(Stored data)
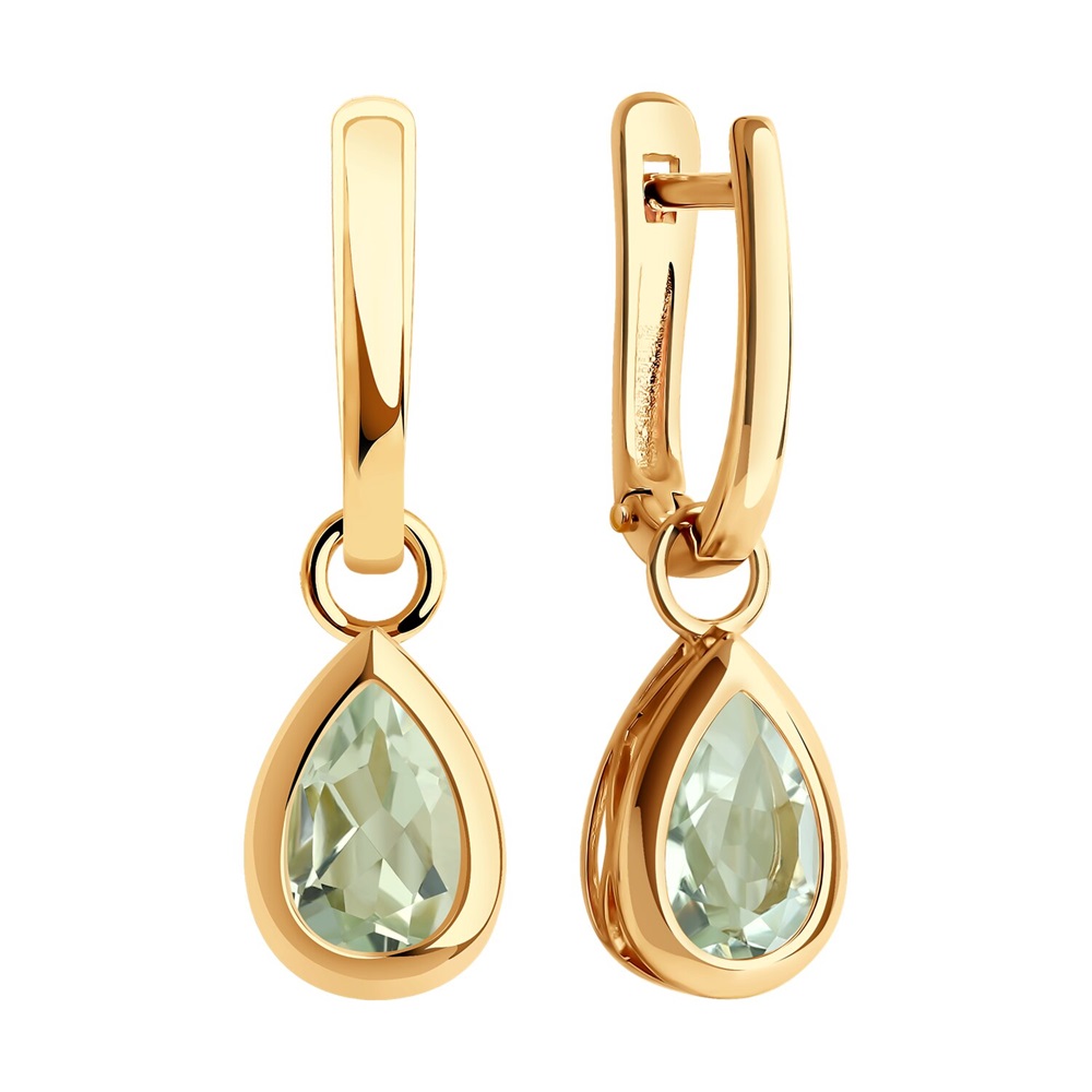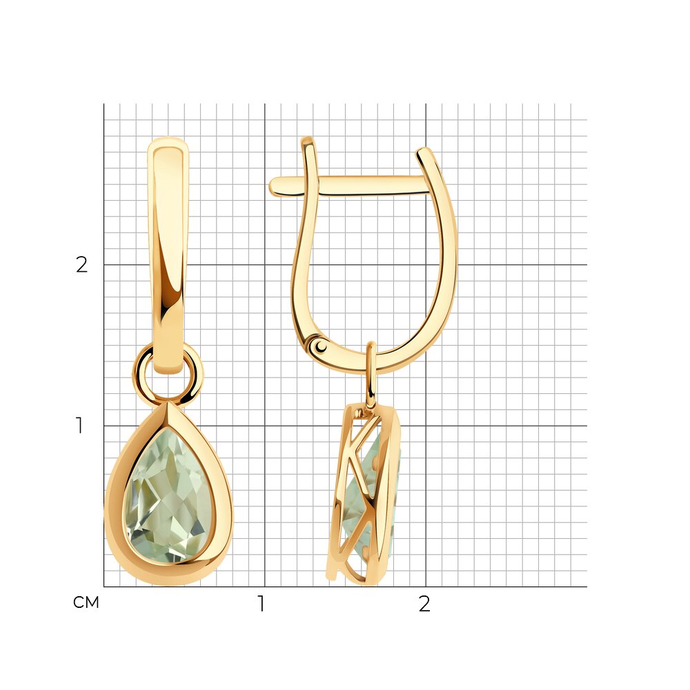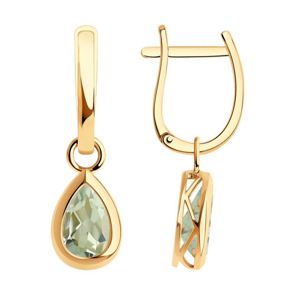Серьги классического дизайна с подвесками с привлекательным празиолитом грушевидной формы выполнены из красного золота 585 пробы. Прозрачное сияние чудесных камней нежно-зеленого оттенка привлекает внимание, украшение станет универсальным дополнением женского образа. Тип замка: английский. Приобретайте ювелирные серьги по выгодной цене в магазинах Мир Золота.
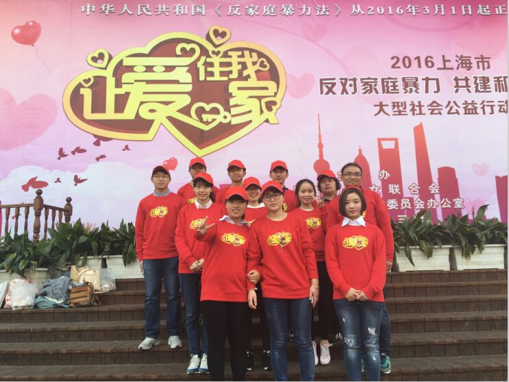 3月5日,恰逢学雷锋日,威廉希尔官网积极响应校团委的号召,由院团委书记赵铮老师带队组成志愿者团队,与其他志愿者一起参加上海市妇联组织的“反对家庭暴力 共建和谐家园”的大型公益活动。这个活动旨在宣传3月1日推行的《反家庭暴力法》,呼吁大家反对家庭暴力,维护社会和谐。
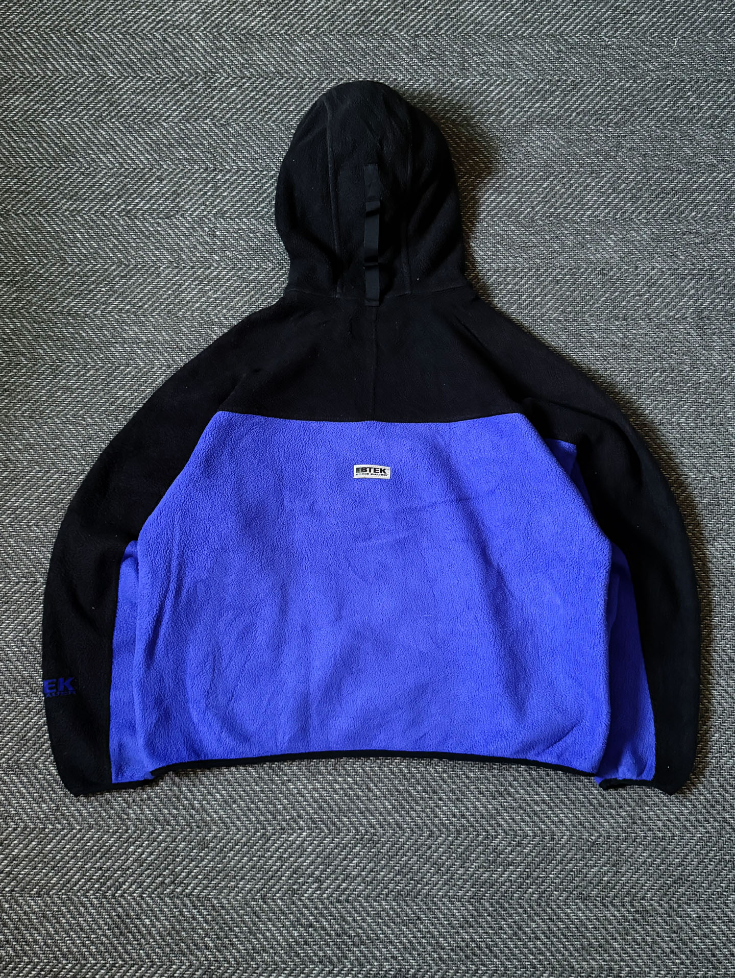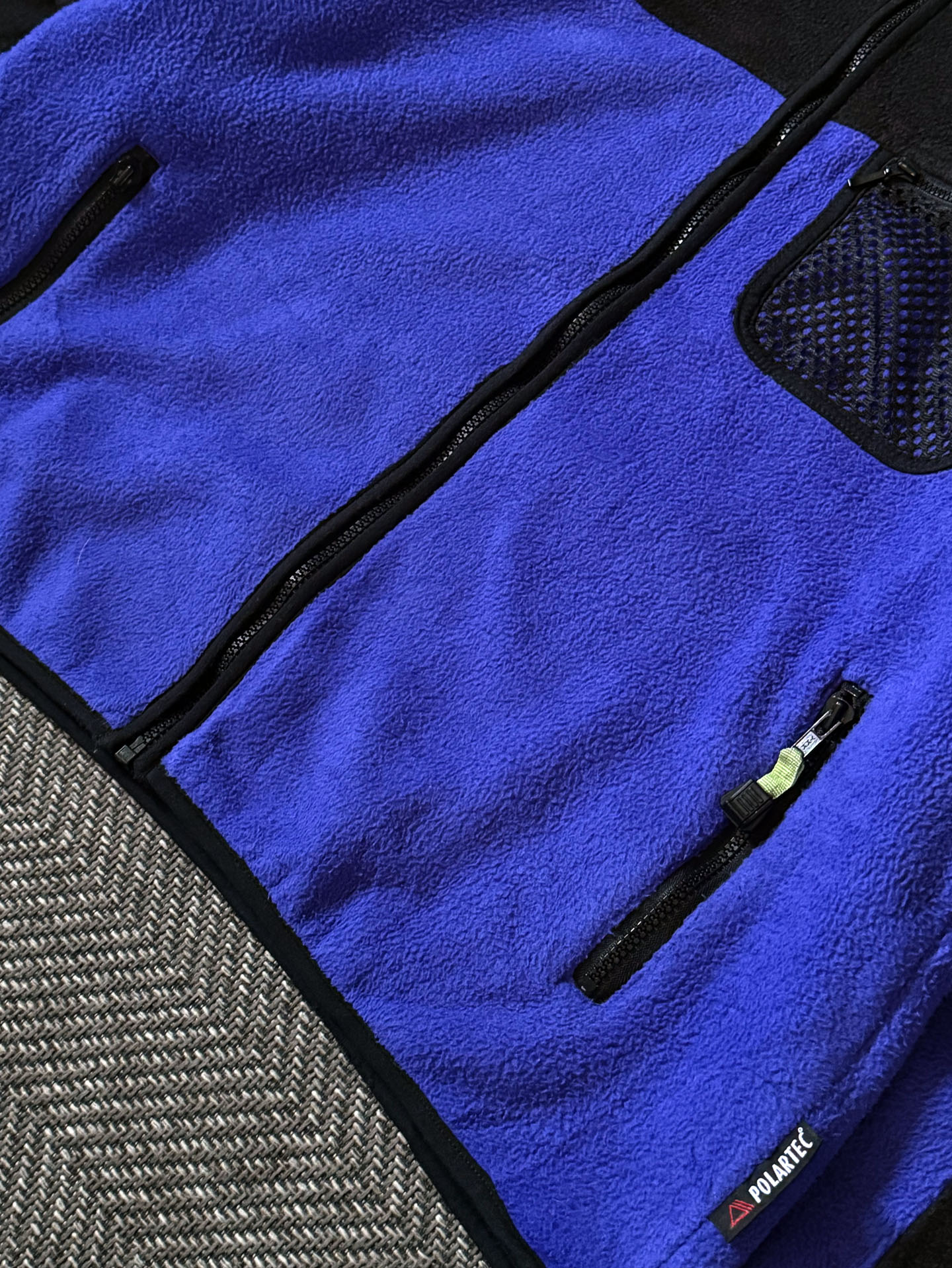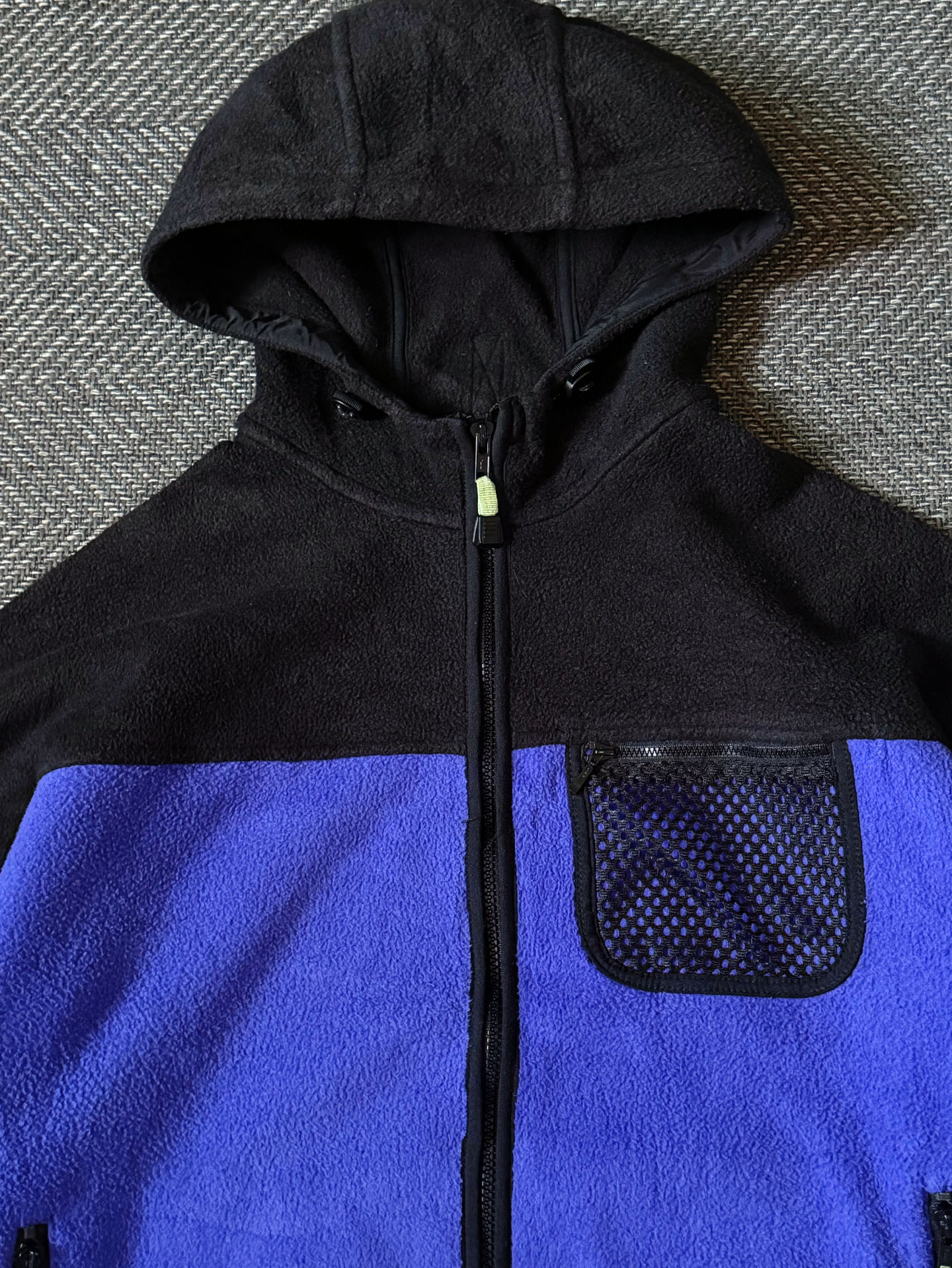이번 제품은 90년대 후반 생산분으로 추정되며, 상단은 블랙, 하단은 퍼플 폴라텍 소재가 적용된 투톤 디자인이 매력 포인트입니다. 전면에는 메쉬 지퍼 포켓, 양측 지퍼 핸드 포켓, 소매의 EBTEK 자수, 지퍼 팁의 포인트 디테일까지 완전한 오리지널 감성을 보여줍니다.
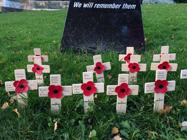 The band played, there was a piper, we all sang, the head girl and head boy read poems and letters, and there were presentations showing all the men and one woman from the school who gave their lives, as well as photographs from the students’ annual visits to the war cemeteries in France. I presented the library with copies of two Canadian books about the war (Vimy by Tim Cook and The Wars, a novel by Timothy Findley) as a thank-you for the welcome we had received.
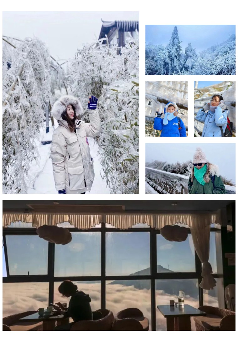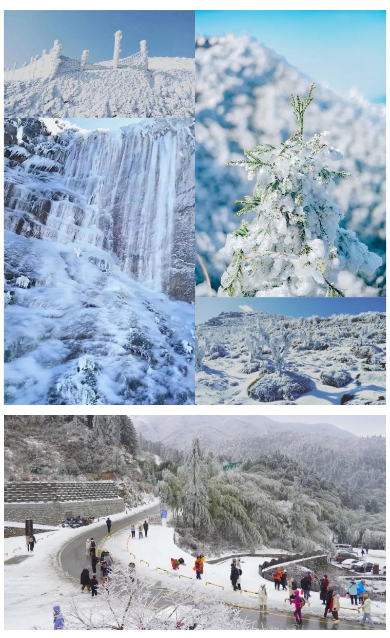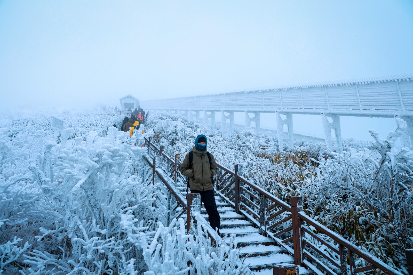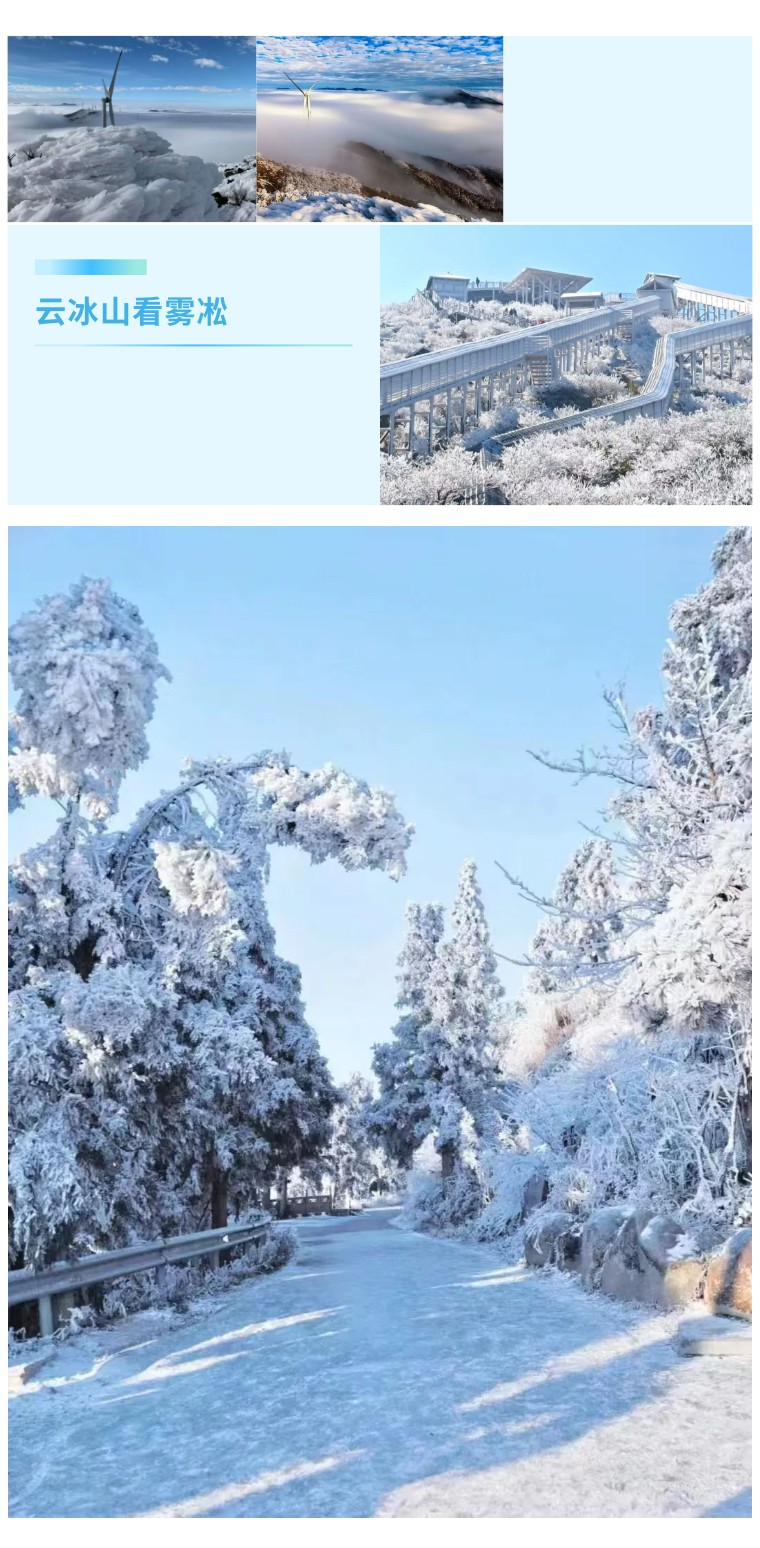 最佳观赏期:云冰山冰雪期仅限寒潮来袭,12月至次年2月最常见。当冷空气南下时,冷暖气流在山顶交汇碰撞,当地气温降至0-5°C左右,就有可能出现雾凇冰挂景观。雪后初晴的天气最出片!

• Instructions to follow
When you transcribe the entries above, keep every word exact and leave out the pictures.

• Response to the exercise
Серьги классического дизайна с подвесками с привлекательным празиолитом грушевидной формы выполнены из красного золота 585 пробы. Прозрачное сияние чудесных камней нежно-зеленого оттенка привлекает внимание, украшение станет универсальным дополнением женского образа. Тип замка: английский. Приобретайте ювелирные серьги по выгодной цене в магазинах Мир Золота.
 3月5日,恰逢学雷锋日,威廉希尔官网积极响应校团委的号召,由院团委书记赵铮老师带队组成志愿者团队,与其他志愿者一起参加上海市妇联组织的“反对家庭暴力 共建和谐家园”的大型公益活动。这个活动旨在宣传3月1日推行的《反家庭暴力法》,呼吁大家反对家庭暴力,维护社会和谐。
이번 제품은 90년대 후반 생산분으로 추정되며, 상단은 블랙, 하단은 퍼플 폴라텍 소재가 적용된 투톤 디자인이 매력 포인트입니다. 전면에는 메쉬 지퍼 포켓, 양측 지퍼 핸드 포켓, 소매의 EBTEK 자수, 지퍼 팁의 포인트 디테일까지 완전한 오리지널 감성을 보여줍니다.
 The band played, there was a piper, we all sang, the head girl and head boy read poems and letters, and there were presentations showing all the men and one woman from the school who gave their lives, as well as photographs from the students’ annual visits to the war cemeteries in France. I presented the library with copies of two Canadian books about the war (Vimy by Tim Cook and The Wars, a novel by Timothy Findley) as a thank-you for the welcome we had received.
 最佳观赏期:云冰山冰雪期仅限寒潮来袭,12月至次年2月最常见。当冷空气南下时,冷暖气流在山顶交汇碰撞,当地气温降至0-5°C左右,就有可能出现雾凇冰挂景观。雪后初晴的天气最出片!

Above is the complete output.